Hiring an advocate (attorney litigator) is not the same as hiring collaborative attorneys. Also, mediating* a case with only one attorney means ...The mediator helps people talk the issues through, supposedly helping to "settle" the dispute themselves. In this attorney's opinion, it would not be recommended in most cases, because typically the overbearing spouse simply bulldozes the other spouse.

*[Mediation for visitation is not the same thing as mediation of an entire divorce case. Mediation for visitation/custody is required by law when there is no agreement.]


There are many pitfalls that can arise in divorce; many of them involve financial transactions that one spouse had no knowledge of; assets that one spouse did not know about; children that were conceived outside the marriage and spouse never knew other spouse was paying; secret business dealings that was predicated on all cash; illegal actions by one spouse implicating the other spouse who had no knowledge; large debts racked up by one spouse, without the other spouse even knowing such debt existed; one spouse signing the other spouse's name for a credit card, then ruining the other spouse's credit.... NONE of these things, in this attorney's opinion, should be addressed in either mediation or collaborative law scenario.
That is because there was a huge breach of fiduciary duty that has serious consequences to the guilty spouse.
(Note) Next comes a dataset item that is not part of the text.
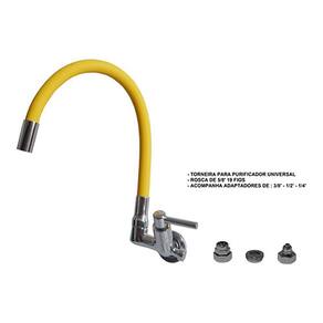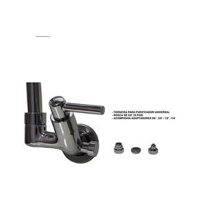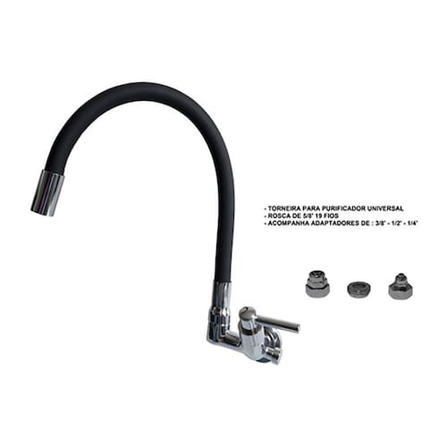 Torneira Gourmet Parede Com Saída Universal Para Purificador Cor: Preta torneira com saida universal para purificadores. Sua rosca de 5/8' 19 fios acompanha adaptadores de 3/8' - 1/2' - 1/4'. servindo em purificadores de diversos modelos e marcas. O design desta torneira de mesa deixa a cozinha muito sofisticada e elegante, tornando-se um objeto de decoração indispensável. Perfeita para varandas gourmet. É uma peça multiuso e prática, com atributos que agregam nas tarefas do dia a dia. Possui rapidez no acionamento e fechamento, proporcionando economia de água. Sua cozinha merece essa qualidade. - Torneira fabricada em metal latão cromado de alta resistência e durabilidade, proporcionado um custo beneficio sem igual. - Tubo de silicone colorido totalmente flexível 50 cm . - Sistema de Acionamento de volta com pastilhas cerâmicas. - Fácil instalação e manutenção. - Recomendações de Uso, Manutenção e Limpeza: Limpar a torneira apenas com um pano macio e sabão neutro. Não usar produtos abrasivos como: sapólio, palha de aço e produtos químicos. Marca: Lhd Metais

That should be done in court since the guilty spouse should have to pay for wrongdoing. (Of course if you are too afraid because your spouse might try and kill you then you better go get help right away.)
                                             

Especially if you have issues in the 3 lines below, which happened BEFORE the case finalized---- you should never hire anyone except an advocate litigator. Aggressive at that. Plus, there are huge time barriers to trying to set aside any of this!

Fraud, Duress
Mistake, Coercion,
Failure to Exchange Declarations (Assets Debts)
    We live in a society where people often want what they want, and when clients hire attorneys to get something done, especially in family law, it's often because one SIDE tried to take advantage of the other side.  If you have a family law case where both of you AGREE on everything then of course you don't really need an attorney, except perhaps to create a settlement agreement.

    HOWEVER, the vast majority of most divorces and break ups, is because the couple cannot agree on a lot of things, including (just an example....) post judgment orders.........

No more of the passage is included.